Tuesday 11 February 2014

Hullo,
          
Justin here. As I type, Old Father Thames, our usually benign gateway to the World is demonstrating to certain stretches of the Home Counties exactly how feeble we mere mortals are when Mother Nature rears her watery head.
         
The HOME Counties!! I mean, the sort of thing we’re reading about and seeing on our televisions usually takes place in faraway places of which we know little. Like Wales or the North East. But now – now the water is lapping over the well-heeled doorsteps of the Home Counties! I mean, we’re all very sorry for the poor souls who choose to live on the Somerset Levels, but they do seem to have quite a lot of canoes down there. And tractors.
        
But here, in the Home Counties, such outlandishly yeoman-like modes of transport are rare. So yesterday, after much arguing and pleading, yes pleading – I persuaded the young man with the wire in his ear to accompany me, in his four-wheel drive vehicle, to the hitherto peaceful village of Ottery St Hilda – a picture postcard piece of English perfection so recently inundated by Thames water - eagerly seeking the weak and vulnerable, there to offer what comfort I could. We did not fare well. First, local police would not allow us to enter the village, even after I told them who I was. The officer in question said, “Yes sir, they all say that.” Then, when the young man with the wire in his ear intervened and showed his badge of authority, despite the howling wind, I’m sure I heard the same officer say, “Look, James Bond, sod off and take the old geezer with you!" 
              
This affront stirred the young man with the wire in his ear into action and from the rear of his vehicle he deployed a small rubber craft which he inflated via some sort of pump arrangement connected to the engine of his car. I was touched to see written on what appeared to be the stern of this vessel, “Archie Aid – Spiritual Succour” I was then given a short plastic oar, urged to hop aboard, and along with the young man with the wire in his ear, rowed strongly for what we took to be the local community centre. Sadly, our voyage was short. The jerk caused by our little craft still being connected to the inflation device cast us both into the water. Worse, as the recalcitrant policeman waded to our rescue – laughing, I have to say – the young man with the wire in his ear’s side arm, a small black automatic pistol, spilled from his jacket into the water.

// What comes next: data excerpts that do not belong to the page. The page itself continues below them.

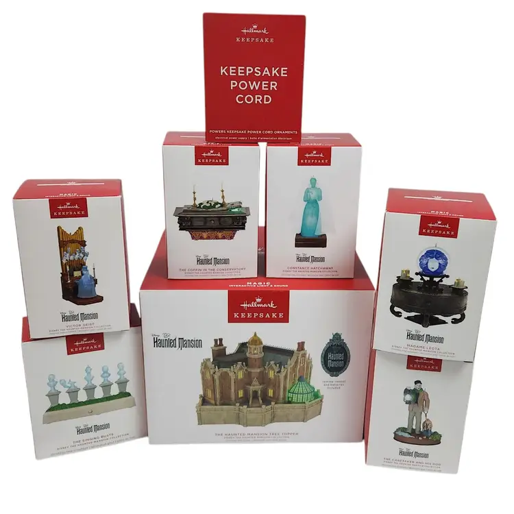 Relive the fun of a visit to the Disney Parks right on your Christmas tree with The Haunted Mansion tree topper that features music and dialogue from the beloved attraction. Plug it into the included power adapter for constant illumination, then press the button on the included remote control to start a synchronized sound and light show. Connect all of the Haunted Mansion Collection ornaments—Madame Leota, Victor Geist, The Coffin in the Conservatory, Constance Hatchaway, The Caretaker and His Dog, and The Singing Busts—and the Haunted Mansion Tree Topper with the Hallmark's Keepsake Power Cord to unlock additional amazingly interactive performances. We think you'll agree these happy haunts deserve a place in the dead center of your holiday decor. The coffin displays the iconic skeletal specter in his grandiose coffin, which glows from within. Constance Hatchaway resides in the attic where the ghostly “Black Widow Bride” recites the ominous vows shared with five dearly departed grooms. Known for her otherworldly incantations and disembodied head in a crystal ball, Madame Leota is seen summoning spirits from regions beyond. The resident organist of The Haunted Mansion's Grand Hall, Victor Geist plays "Grim Grinning Ghosts" as a solemn waltz for apparition attendees at a dinner party. With his canine companion at his side, the caretaker appears frozen with fright as he observes the ghostly goings-on of the Haunted Mansion. No journey through The Haunted Mansion’s ghoulish graveyard is complete without a serenade from The Singing Busts performing their signature song, “Grim Grinning Ghosts.” • Ornaments designed by Hallmark Keepsake Artist Orville Wilson, and Iman Zadrozny. • Includes Mansion Table Topper, 6 companion ornaments, and Keepsake Power cord. We have the 2020 Hitchhiking Ghosts in store for even more fun (SOLD SEPARETLY). New in the original boxes. Original boxes may have minor wear due to storage.
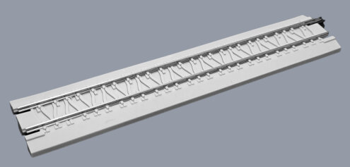• Maßlich sind die Elemente kompatibel mit handelsüblichen Bettungsgleis-Bauteilen, ebenso sind handelsübliche Schienenverbinder verwendbar.
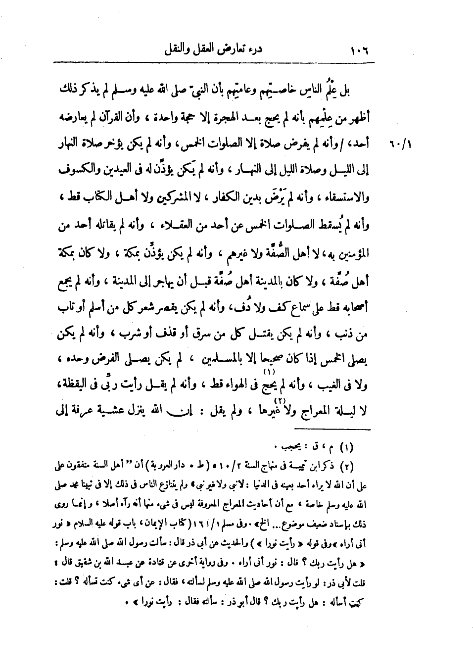 بل علم الناس خاصتهم وعامتهم بأن النبي صلي الله عليه وسلم لم يذكر ذلك أظهر من علمهم بأنه لم يحج بعد الهجرة إلا حجة واحدة، وأن القرآن لم يعارضه أحد، وأنه لم يفرض صلاة إلا الصلوات الخمس، وأنه لم يكن يؤخر صلاة النهار إلي الليل وصلاة الليل إلي النهار، وأنه لم يكن يؤذن له في العيدين والكسوف والاستسقاء، وأنه لم يرض بدين الكفار، لا المشركين ولا أهل الكتاب قط، وأنه لم يسقط الصلوات الخمس عن أحد من العقلاء، وأنه لم يقاتله أحد من المؤمنين به، لا أهل الصفة ولا غيرهم، وأنه لم يكن يؤذن بمكة، ولا كان بمكة أهل صفة، ولا كان بالمدينة أهل صفة قبل أن يهاجر إلي المدينة، وأنه لم يجمع أصحابه قط علي سماع كف ولا دف، وأنه لم يكن يقصر شعر كل من أسلم أو تاب من ذنب، وأنه لم يكن يقتل كل من سرق أو قذف أو شرب، وأنه لم يكن يصلي الخمس إذا كان صحيحاً إلا بالمسلمين، لم يكن يصلي الفرض وحده، ولا في الغيب، وأنه لم يحج في الهواء قط، وأنه لم يقل رأيت ربي في اليقظة، لا ليلة المعراج ولا غيرها، ولم يقل: إن الله ينزل عشية عرفة إلي

So I am writing this from a relatively comfortable cell somewhere in England. The young man with the wire in his ear was taken away some time ago by two large, stern looking fellows whilst I wait for the arrival of a solicitor whose services I am apparently entitled to.


Naturally, in the face of adversity, I ask myself, “What would Jesus have done?”

1 comment:

  1. Well, he would have gone by donkey for a start.